> [ABOUT THIS EXERCISE]:
Could you retype, exactly and with no pictures, only the lines from the first line of the records below through the line that contains "Lizard - Leinwandbild"?

> [EXTRACTED RECORDS]:
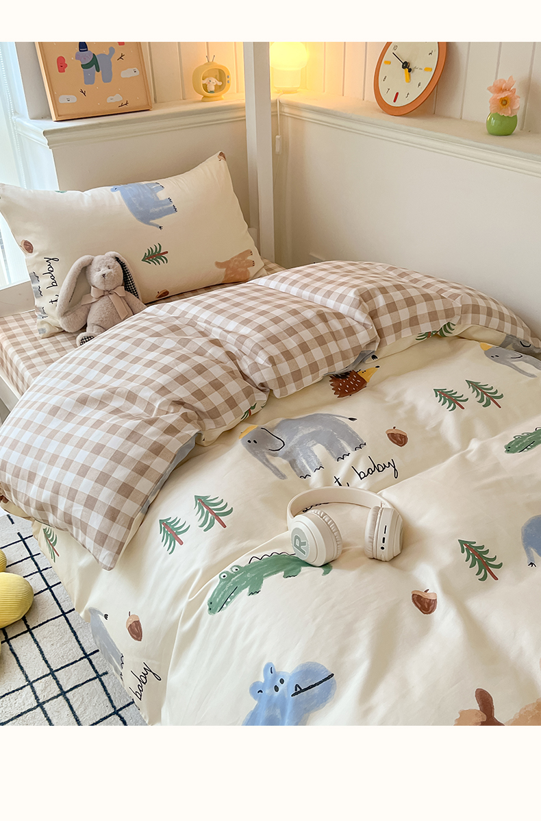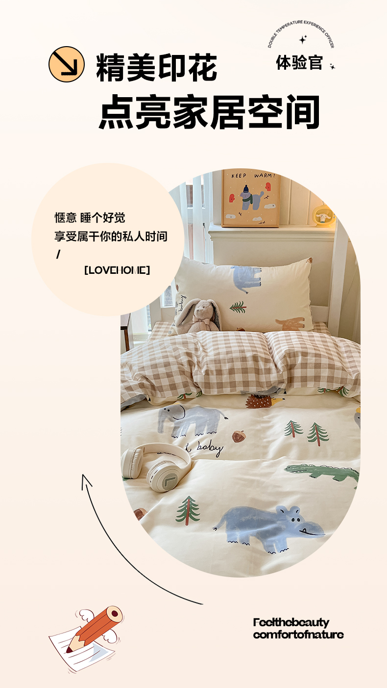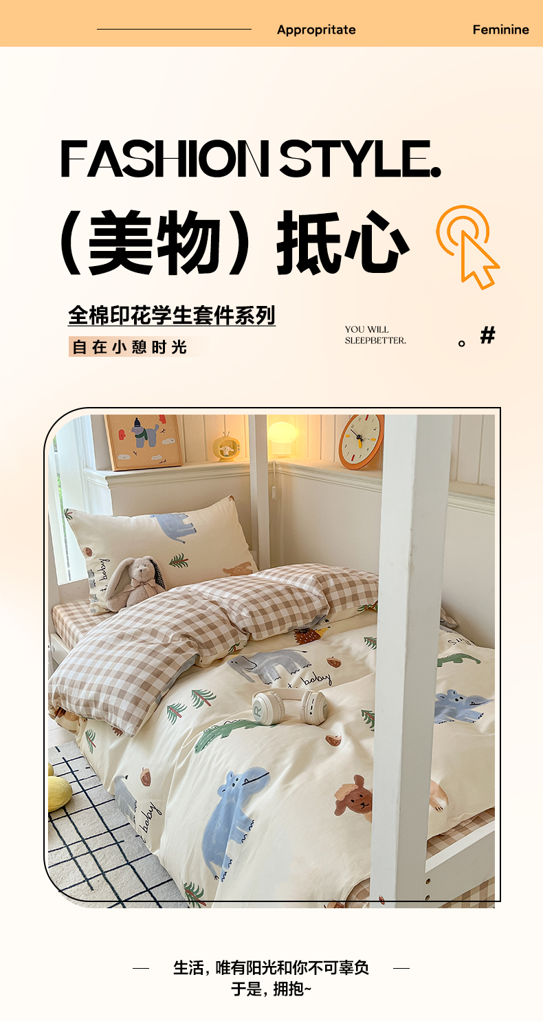 当前位置: 91家纺网 > 商品网购 > 床品套件 > 四件套 > 全棉普通四件套 > 雅居纺 2024新款全棉印花学生季套件 动物世界
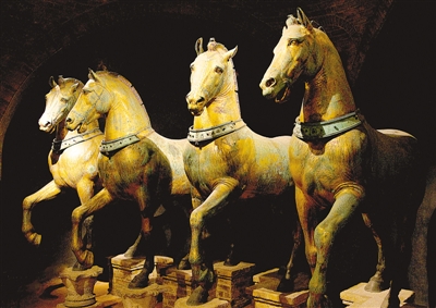 在此后的西方艺术中,马很少被如此残忍地对待,它们成了人类亲密的伙伴。希腊神话里,出现了很多与马有关的神祇,如额头长着长角的独角兽、长有双翼的飞马珀伽索斯以及半人半马的堪陀儿,马有了神性象征。雅典卫城中巴特农神庙的中楣浮雕饰带表现了古希腊“泛雅典娜节”的游行场面,欢腾的战马突出了节日气氛。威尼斯的圣马可大教堂立面的平台上有四匹青铜战马,原本是希腊古典时期的作品,一直陈列在君士坦丁堡的竞技场中,应该是为纪念马拉战车比赛的胜利而铸造的。1204年,威尼斯人借第四次十字军东征之机洗劫了君士坦丁堡,将这四匹战马运回威尼斯并安放在圣马可大教堂。1797年,拿破仑将它们掠往巴黎,直到1815年才归还给威尼斯。如此命运多舛,正说明它们有着迷人的魅力,才会引来这么多人垂涎。
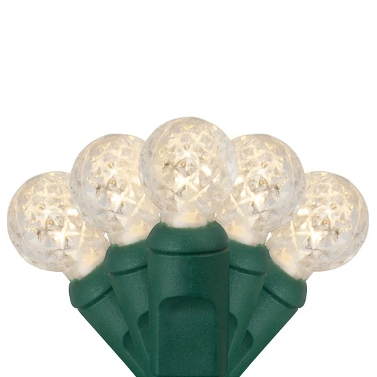 Mini globe-shaped 12mm diameter nuggets of light that offer brilliant light disbursement through diamond faceted bulb design, creating a radiant light halo to brighten the night. Our warm white color is specifically designed to closely match clear incandescent lighting, radiating soft elegant light for holidays and weddings. Use warm white G12 Christmas lights to wrap indoor trees or bring outside to add vibrant illumination to greenery and bushes.
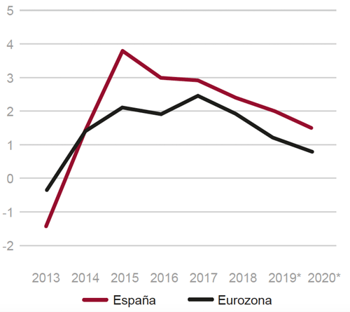 La economía española ha registrado durante seis años (2014-19) un ritmo de crecimiento significativo (2,6% fue el crecimiento medio de dicho periodo), superior a la Eurozona (1,8%). Dicha evolución ha estado acompañada de una fuerte creación de empleo y por la presencia de superávit en la balanza corriente.
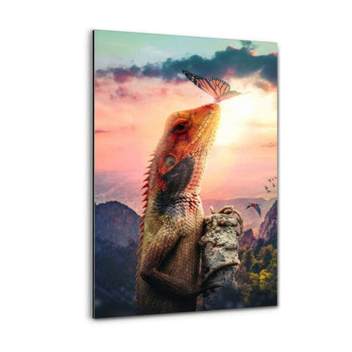 • Climbing Lizard - Leinwandbild mit Schattenfuge "silber"
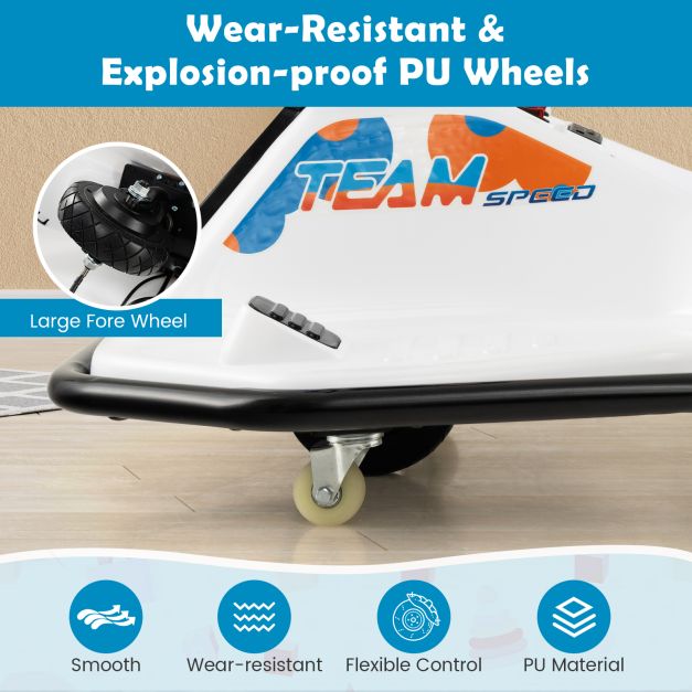 With 4 PU universal wheels and 1 rubber drive wheel, your little racer over 3 years old can pull off impressive drifts. The 24V battery and motor enable kids to enjoy a driving speed ranging from 3 to 8 kph. The LED headlight, wireless connection, radio, USB option, and music will also help your little one to have unforgettable memories. It is also designed with 3 flags. To ensure driving safety for your child, it is equipped with a slow start and slow stop function and adjustable safety belt. It has 5 wear-resistant and silent wheels for kids to smoothly drive on cement roads, brick roads, wood floors, or asphalt roads. It also features a design keeping kids in mind, such as the protective poles and decorative stickers. If you are looking for a electric drift car like this, do not hesitate to place an order! Thrilling Drifting Experience: Our 24V kids ride on drift car features 4 flexible universal wheels and 1 large drive wheel for 360-degree spin. Your little racer can freely change direction and achieve acceleration through the steering wheel and foot pedal. It has 2 speed options (high or low) for kids. Safe andComfortable Driving: The foot pedal is designed with a safe slow start and slow stop function to avoid the risk of sudden acceleration or emergency braking. The wide seat with safety belt keeps your little one secure. The seat supports up to 60 kg. Protective metal poles provide added safety. Fun Entertainment for Kids: The LED headlight, wireless connection, radio and music will enhance the enjoyment of your child’s adventures. The USB port can connect electronic devices to play kid’s favorite songs, adding extra fun and amusement. Durable andReliable Materials: This drift car is made with premium PP and metal materials, making it strong enough to accompany your little one for years. The PU casters and rubber drive wheel also ensure great wear resistance for a smooth driving experience. Perfect Drift Car for Toddlers: Our electric drifting car will be a nice gift for kids over 3 years old. Featuring 24V brushless motor and 24V 7AH battery, this toy car allows for a long-lasting playtime and 2-5 mph speeds. With 3 flags included, your toddler can fully enjoy the racing fun!

> [REPLY TO THE TASK]:
 当前位置: 91家纺网 > 商品网购 > 床品套件 > 四件套 > 全棉普通四件套 > 雅居纺 2024新款全棉印花学生季套件 动物世界
 在此后的西方艺术中,马很少被如此残忍地对待,它们成了人类亲密的伙伴。希腊神话里,出现了很多与马有关的神祇,如额头长着长角的独角兽、长有双翼的飞马珀伽索斯以及半人半马的堪陀儿,马有了神性象征。雅典卫城中巴特农神庙的中楣浮雕饰带表现了古希腊“泛雅典娜节”的游行场面,欢腾的战马突出了节日气氛。威尼斯的圣马可大教堂立面的平台上有四匹青铜战马,原本是希腊古典时期的作品,一直陈列在君士坦丁堡的竞技场中,应该是为纪念马拉战车比赛的胜利而铸造的。1204年,威尼斯人借第四次十字军东征之机洗劫了君士坦丁堡,将这四匹战马运回威尼斯并安放在圣马可大教堂。1797年,拿破仑将它们掠往巴黎,直到1815年才归还给威尼斯。如此命运多舛,正说明它们有着迷人的魅力,才会引来这么多人垂涎。
 Mini globe-shaped 12mm diameter nuggets of light that offer brilliant light disbursement through diamond faceted bulb design, creating a radiant light halo to brighten the night. Our warm white color is specifically designed to closely match clear incandescent lighting, radiating soft elegant light for holidays and weddings. Use warm white G12 Christmas lights to wrap indoor trees or bring outside to add vibrant illumination to greenery and bushes.
 La economía española ha registrado durante seis años (2014-19) un ritmo de crecimiento significativo (2,6% fue el crecimiento medio de dicho periodo), superior a la Eurozona (1,8%). Dicha evolución ha estado acompañada de una fuerte creación de empleo y por la presencia de superávit en la balanza corriente.
 • Climbing Lizard - Leinwandbild mit Schattenfuge "silber"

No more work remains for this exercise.